In 1995, a new economic policy was introduced, marking the country's worst economic period. Financial need was the primary motivation for people entering prostitution during this time, and Cuba gained a reputation as the "Thailand of the Caribbean". However, in Cuba, the situation had some differences from other developing countries. Prostitutes in Cuba did not work in oppressive conditions, alcohol and drug addiction were not routed into prostitution, and people were not sold into prostitution by their families. Julia O'Connell Davidson noted in her 1996 article "Sex Tourism in Cuba" that, "In Cuba there is no network of brothels, no organized system of bar prostitution; in fact, third-party involvement in the organization of prostitution is rare". Women's fiction increasingly included the subject of prostitution, and Cuban theatres began to stage foreign plays about prostitution. Prostitution also began to be presented in Cuban films, acting as a metaphor for the downfall of the socialist system and for the island being sold out to foreign tourists and investors. Prostitutes were often represented as individualistic, greedy, lazy women. Male-to-male sex workers, known as jineteros or pingueros, appeared during the Special Period, and were a significant part of the developing Cuban gay scene when LGBT rights in Cuba began to develop.
Government attempts to limit prostitution began in 1998, and have continued since. In 2004, prostitutes could still be seen in Havana after sunset, outside the main tourist hotels and certain discos and bars, or hitchhiking along the Malecón highway. Dressed in skimpy clothes, they would proposition tourists or invite them to nightclubs, where cash-for-sex could be suggested more discreetly. However, by 2007, prostitution had been significantly reduced, and was no longer practiced openly and widely in tourist areas.
Child prostitution
Incidents of child prostitution were reported during the Special Period, and subsequent investigations by foreign journalists have reported cases of child prostitution, with the clientele mainly being sex tourists. Cuban laws prohibit the sexual exploitation of girls or boys aged under 15, and those convicted can be sentenced to maximum of 30 years in prison, or the death penalty if there are aggravating factors.
Sex trafficking
See also: Human trafficking in CubaCuba is a source and destination country for adults and children subjected to sex trafficking. Child sex trafficking and child sex tourism occur within Cuba. Cuban authorities report people from ages 13 to 20 are most vulnerable to human trafficking in the country. Traffickers also subject Cuban citizens to sex trafficking in South America, the Caribbean, and the United States. Traffickers recruit Cuban citizens through promises of work abroad, providing fraudulent contracts and immigration documents for a fee, and subsequently coercing these individuals into prostitution to pay off these debts. The government reported foreign national sex trafficking victims in Cuba.
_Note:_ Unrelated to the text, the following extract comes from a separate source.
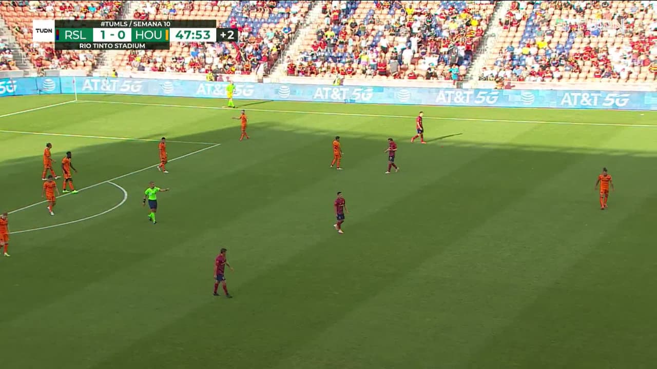 Tiro atajado. Aaron Herrera (Real Salt Lake) Disparo con la derecha desde el lado derecho dentro del área.

The penal code's definition of sex trafficking conflates sex trafficking with prostitution and pimping. The law criminalizes inducement to or benefiting from prostitution, but treats force, coercion, and abuse of power or vulnerability as aggravating factors rather than an integral part of the crime. These provisions prescribe penalties ranging from four to 10 years of imprisonment with more severe penalties for complicit government officials.
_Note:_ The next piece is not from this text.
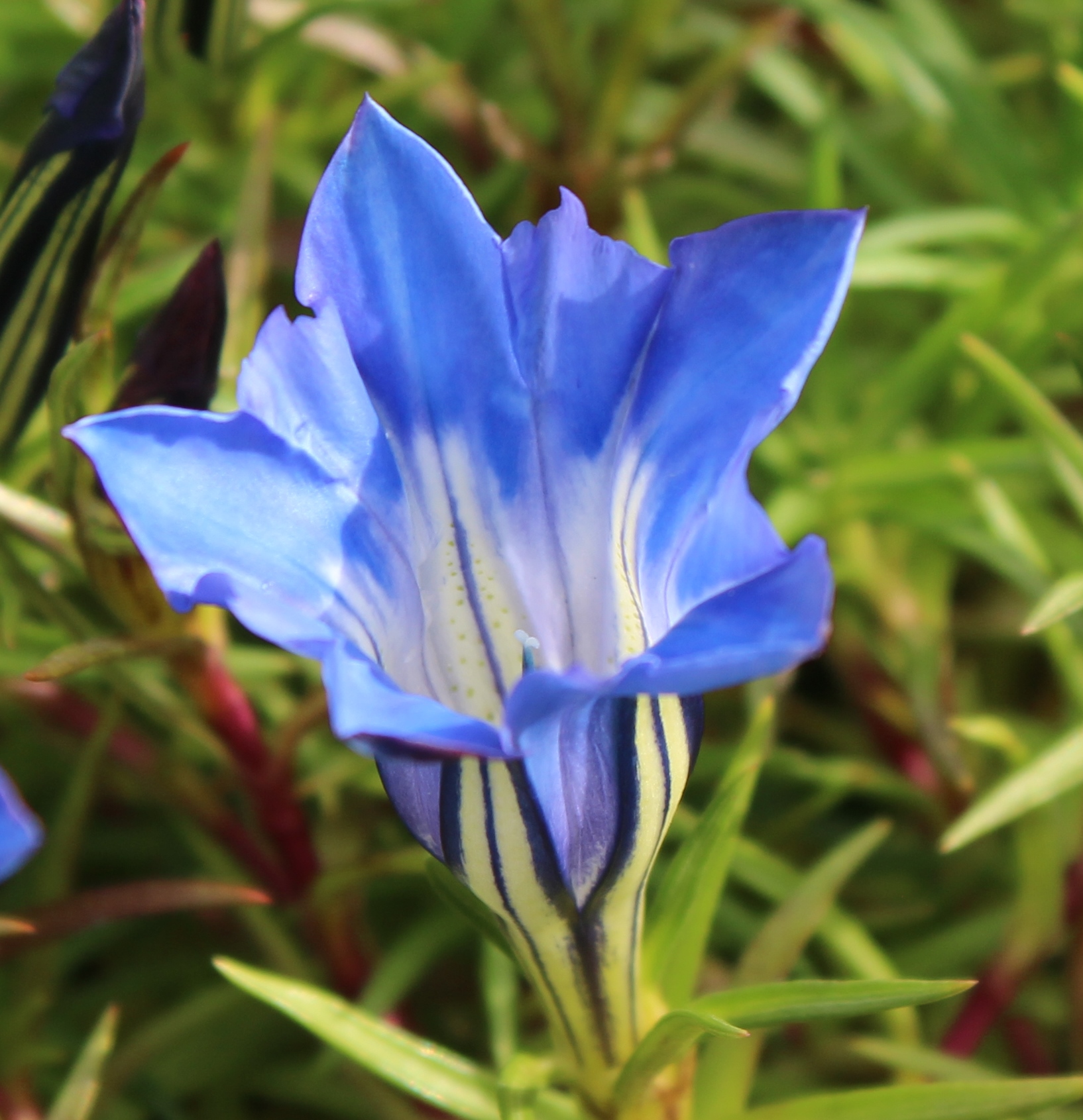 Abundance of deep blue trumpet-flowers, striped on the outside

The United States Department of State Office to Monitor and Combat Trafficking in Persons ranks Cuba as a 'Tier 3 Watch List' country since 2019, before which it was Tier 2.
AIDS
AIDS, which had been controlled through public health measures, began to rise during the 1990s. In the early part of the decade, people with the HIV virus were quarantined. Between 1986 and 1998, a total of 1,980 people tested positive for the virus in Cuba, and a further 3,879 more were discovered to have the virus between 1998 and 2004. According to United Nations sources, the early detection of the virus has been assisted by the country's free primary care clinics. The United States embargo against Cuba has prevented Cuba from purchasing medical supplies from the US, but medical scientists in Cuba have synthesised some of the antiviral drugs used in the management of HIV/AIDS, and these have been provided to patients at no cost. In 2004, the country had thirteen AIDS sanatoriums, and a stay of between three and six months in one was compulsory for anyone found to be HIV positive. At that time, World Health Organization figures put the infection rate at less than 0.1 percent of the population, the lowest in the Western Hemisphere, one-sixth that of the US, and far below that in many neighbouring countries. A public-education campaign in schools and on television and radio promotes the use of condoms and informs people about how HIV is transmitted. Additionally, government subsidies for condoms (both domestic and imported) mean prophylactic prices remain very low. Prostitution is not considered to be a major factor in the spread of AIDS, with only a small number of people admitted to sanatoriums being former prostitutes. The low level of infection and the relatively inexpensive price of sex have made the island popular with foreigners as a sex tourism destination. Another incentive is the lack of social stigma associated with single male tourists visiting Cuba, in comparison with the better-known sex tourism destinations of Thailand and Cambodia.
See also
References
- ^ Ditmore 2006, p. 202.
- ^ Whiteford & Branch 2008, p. 80.
- Ditmore 2006, p. 80.
- ^ Pope, Cynthia (June 2005). "The Political Economy of Desire: Geographies of Female Sex Work in Havana, Cuba". Journal of International Women's Studies. 6 (2): 101.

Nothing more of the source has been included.